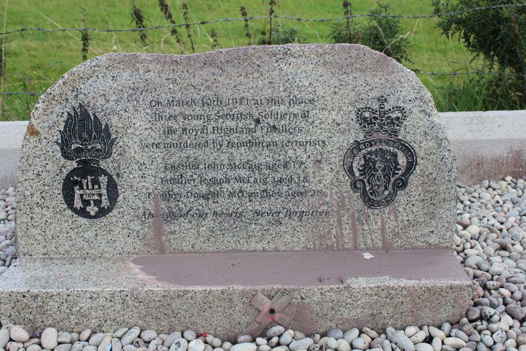 El monumento a los soldados, que fueron asesinados por el IRA en marzo de 1971 fue atacado en junio y julio, y dañado en otras ocasiones, en lo que parece una especie de fijación de los atacantes en vandalizar el monolito.
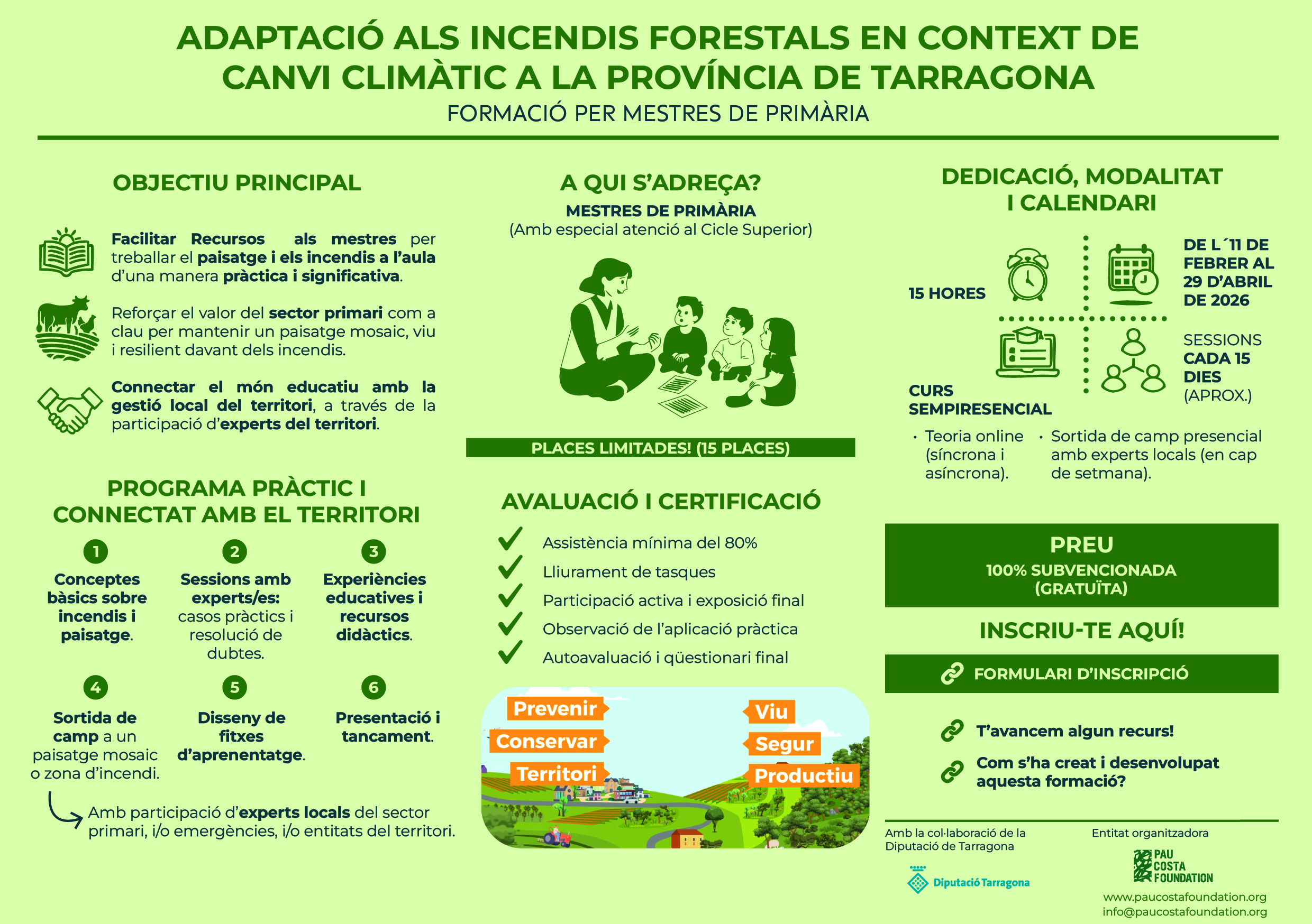 Davant d’aquesta realitat i en un context de canvi climàtic, neix el projecte “Formació per a mestres de primària: adaptació als incendis forestals en context de canvi climàtic a la província de Tarragona”. L’objectiu principal és facilitar eines i recursos educatius perquè els i les docents puguin treballar a l’aula la temàtica dels incendis forestals i la gestió del paisatge, adaptada a la realitat local.
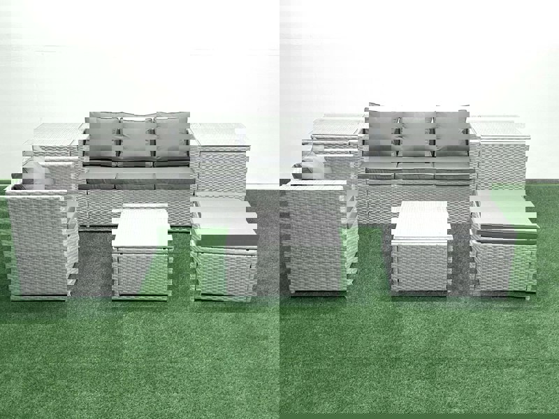 Finished in light grey mixed rattan with dark grey fabric, the set combines practical everyday comfort with thoughtful details, including removable cushion covers for easier cleaning and a tempered glass tabletop designed to stay securely in place.
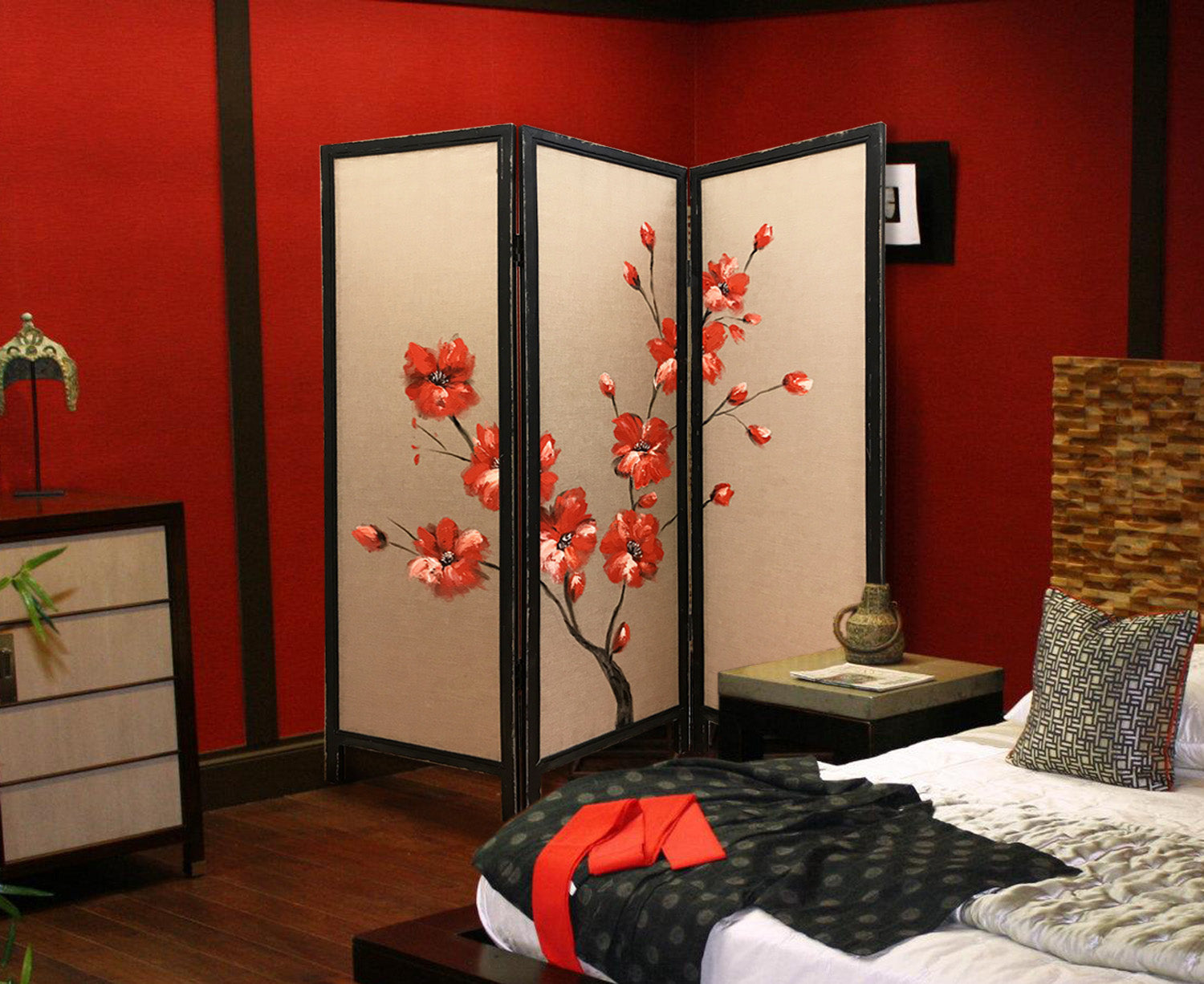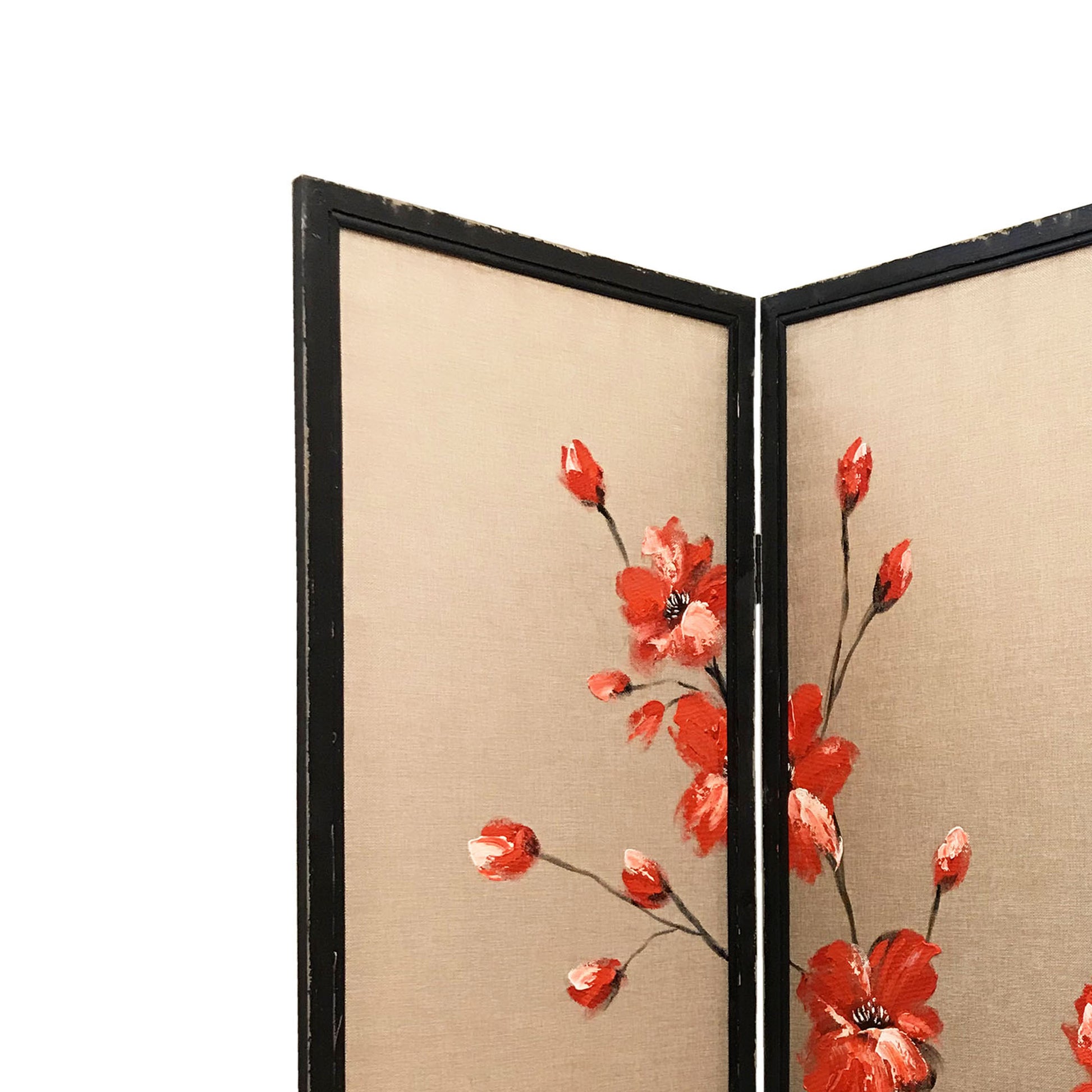 Screen Gems Blooming Screen SG-321, this 3 panel screen screen is an artwork in itself. Crafted from a solid wood frame, this screen features a beautiful red poppy hand painted design on fabric. Making each piece one of a kind.
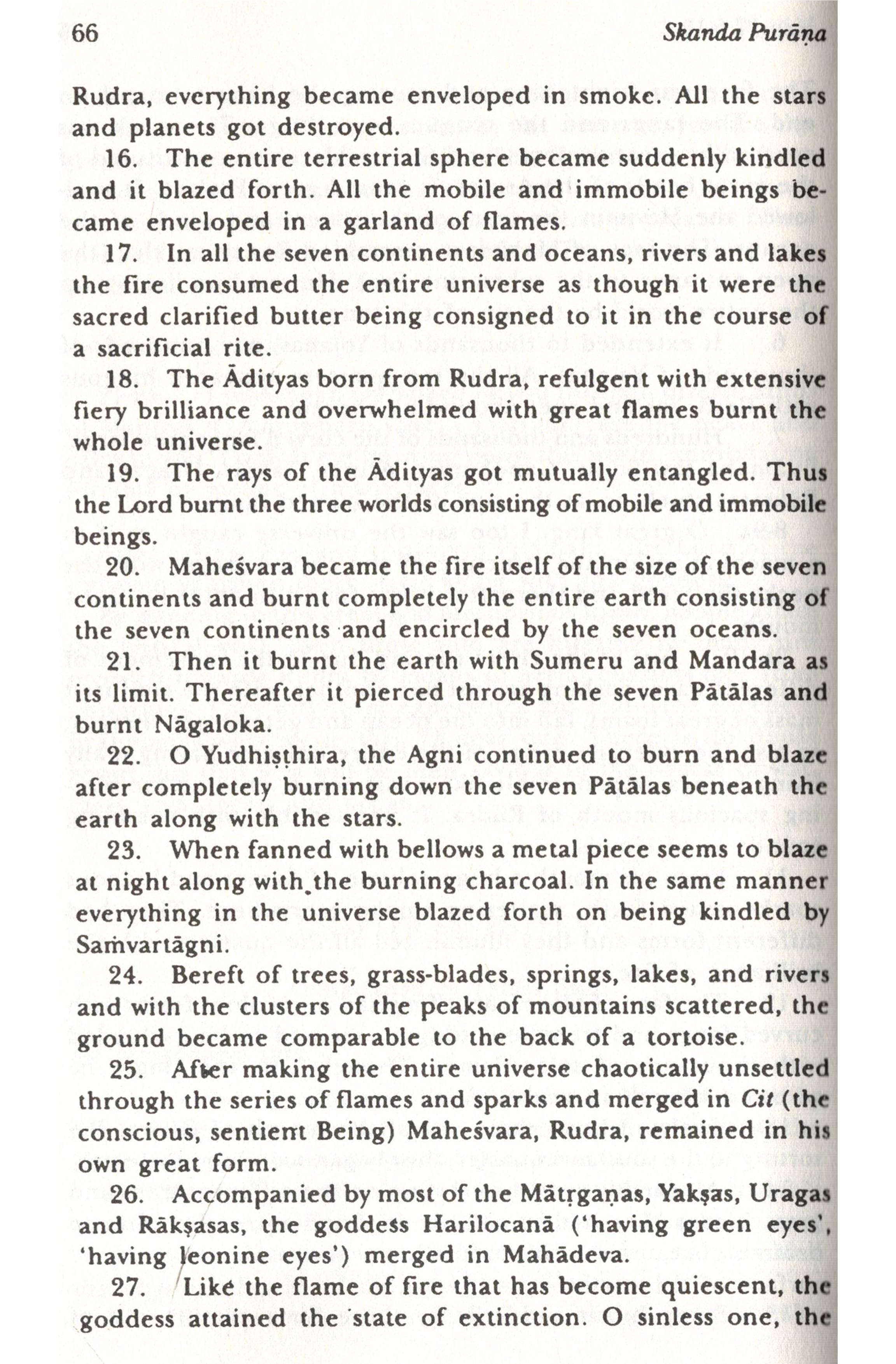 Markendeya Rishi recalls the annihilation of the Universe during 7 kalpas (cycles).
════════════════
— Task instructions —
Send back every line of the listing exactly. Omit the images.

— Exercise answer —
 El monumento a los soldados, que fueron asesinados por el IRA en marzo de 1971 fue atacado en junio y julio, y dañado en otras ocasiones, en lo que parece una especie de fijación de los atacantes en vandalizar el monolito.
 Davant d’aquesta realitat i en un context de canvi climàtic, neix el projecte “Formació per a mestres de primària: adaptació als incendis forestals en context de canvi climàtic a la província de Tarragona”. L’objectiu principal és facilitar eines i recursos educatius perquè els i les docents puguin treballar a l’aula la temàtica dels incendis forestals i la gestió del paisatge, adaptada a la realitat local.
 Finished in light grey mixed rattan with dark grey fabric, the set combines practical everyday comfort with thoughtful details, including removable cushion covers for easier cleaning and a tempered glass tabletop designed to stay securely in place.
 Screen Gems Blooming Screen SG-321, this 3 panel screen screen is an artwork in itself. Crafted from a solid wood frame, this screen features a beautiful red poppy hand painted design on fabric. Making each piece one of a kind.
 Markendeya Rishi recalls the annihilation of the Universe during 7 kalpas (cycles).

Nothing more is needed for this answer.